Staßfurt l Ein klares Votum war das. Der Staßfurter Stadtrat hat am Donnerstagabend beschlossen: Der Verwaltungsstandort „Haus 1“ hat in der Steinstraße 19 zu blieben. Die Räte beauftragten den Oberbürgermeister, die Räume sanieren und standsicher herrichten zu lassen. Mit 17 Ja-Stimmen, 10 Nein-Stimmen und 3 Enthaltungen haben die Kommunalpolitiker diese Entscheidung getroffen.

Zuvor war bekannt geworden, dass die Verwaltung das Haus I verlassen, stattdessen in die Sparkasse ziehen und das Gebäude zum Verkauf anbieten will. Das schlug hohe Wellen, da die Stadt immer wieder die Belebung der Innenstadt bewirbt, selbst ihr jedoch den Rücken kehren wollte.

Kritik aus allen Fraktionen

Im Stadtrat wurde der geplante Auszug groß diskutiert und fraktionsübergreifend negativ bewertet. Hartmut Wiest (UWG Salzland/AfD), der mit einem Antrag dafür gesorgt hatte, dass das Thema überhaupt im öffentlichen Teil der Stadtratssitzung besprochen wurde, erklärte, dass der Verwaltungsstandort doch ein paar Menschen in die Steinstraße ziehe und ein Auszug ohne konkreten Nachfolger Unsinn sei. Dass sich ein Investor für das Gebäude finde, sei eine Illusion.

Bianca Görke (Die Linke) meinte: „Dieses Haus hat Geschichte, es hat Charakter und es wird von den Menschen angenommen.“ Die immaterielle Bedeutung des Hauses könne man nicht in Kosten für eventuelle Sanierungen umrechnen. Die Verwaltung sei durch den Standort in der Innenstadt präsent. Die Stadt müsse mit dem Erhalt des Standorts ein Zeichen für die Innenstadt setzen. „Wir können den Standort nicht aufgeben. Das Haus würde nur verfallen und sich sein Zustand noch verschlimmern.“

Der Anfang vom Ende

Ein düsteres Bild von der Stadt zeichnete Gerhard Wiest (Die Linke): Der Abriss des Wasserturms nach Rathmannsdorf sei der Anfang vom Ende gewesen. „Die Stadt verliert ihr Gesicht.“ Leerstehende Gebäude in der Innenstadt werden in 10 bis 15 Jahren eingestürzt sein. Er warf Oberbürgermeister Sven Wagner vor, den Stadtrat zu täuschen, wenn er sage, es könne ein Nachnutzer für dieses „immobilienwirtschaftlich uninteressante“ Gebäude gefunden werden.
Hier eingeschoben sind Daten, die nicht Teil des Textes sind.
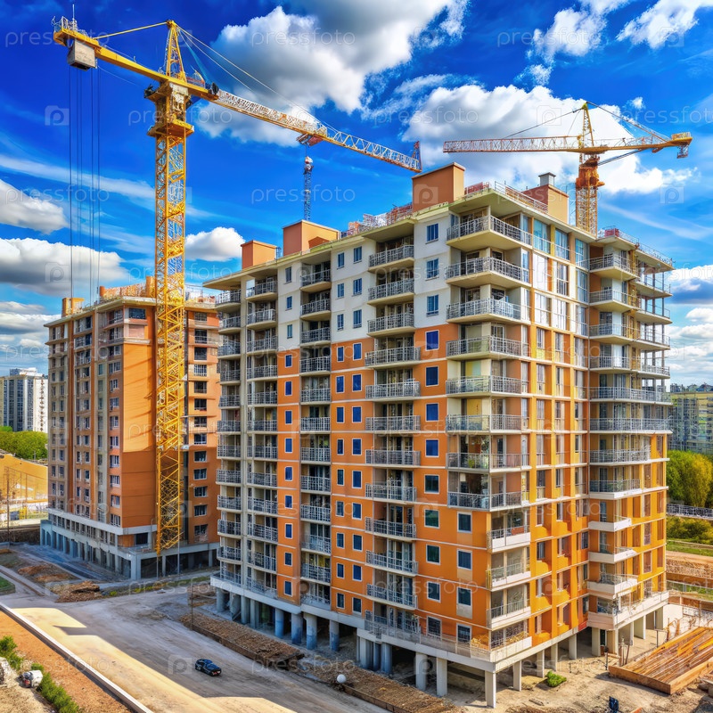 Строительство современных многоквартирных домов под голубым небом с помощью кранового оборудования в зоне городского развития. генеративный ИИ

Klaus Stops (CDU) dankte Hartmut Wiest, dass er das Thema bei diesem Stadtrat in die Öffentlichkeit gebracht hatte und argumentierte abwägend: Zum einen stehen für die Stadt hohe Kosten für die schwierige Sanierung des Haus I an, zum anderen drohe der Leerstand des Gebäudes.

Reden ist wichtig

Auch Ralf-Peter Schmidt (UBvS) fand es gut, dass solche Entwicklungen die Stadt betreffend öffentlich diskutiert werden. Für ihn und seine Fraktion komme ein Verkauf des Hauses nur in Frage, wenn die Nachnutzung wirklich und konkret gesichert ist.
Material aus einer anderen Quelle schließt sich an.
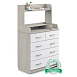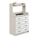 В этом комоде пять ящиков — три широких нижних и два верхних, которые в ширину равны нижним ящикам. Ящики находятся на шариковых телескопических направляющих, а значит работают плавно, без шума, не выезжают произвольно. Наверху оборудован пеленальный столик. Рядом — отделение для средств по уходу за ребенком. С полки предметы не скатываются благодаря ограничителю.

Oberbürgermeister Sven Wagner (SPD) erklärte, dass man zur Zeit zwar „keinen konkreten Nachnutzer“ habe, aber man diesen ja auch erst suchen könne, wenn der Auszug der Verwaltung beschlossen sei. Zudem verteidige er erneut sein Vorgehen: Bereits im September habe er dem Rat vorgelegt, warum es unwirtschaftlich sei, das Haus zu halten. Dass die Diskussion um den Verwaltungsstandort öffentlich geführt wurde, sei „nicht schön, aber jetzt nicht mehr zu ändern“,

Neue Büros erübrigt

Eigentlich wollte der Oberbürgermeister das Thema im Stadtrat im nichtöffentlichen Teil der Sitzung beraten. Hartmut Wiest setzte jedoch eine „Grundsatzentscheidung zum Erhalt des Stadtverwaltungsstandorts „Steinstraße“ auf die Tagesordnung. Die Entscheidung über den Auszug der Verwaltung aus der Steinstraße und die Anmietung über neue Büros im Sparkassenschiff, die wiederum im nichtöffentlichen Teil folgen sollte, erübrigte sich.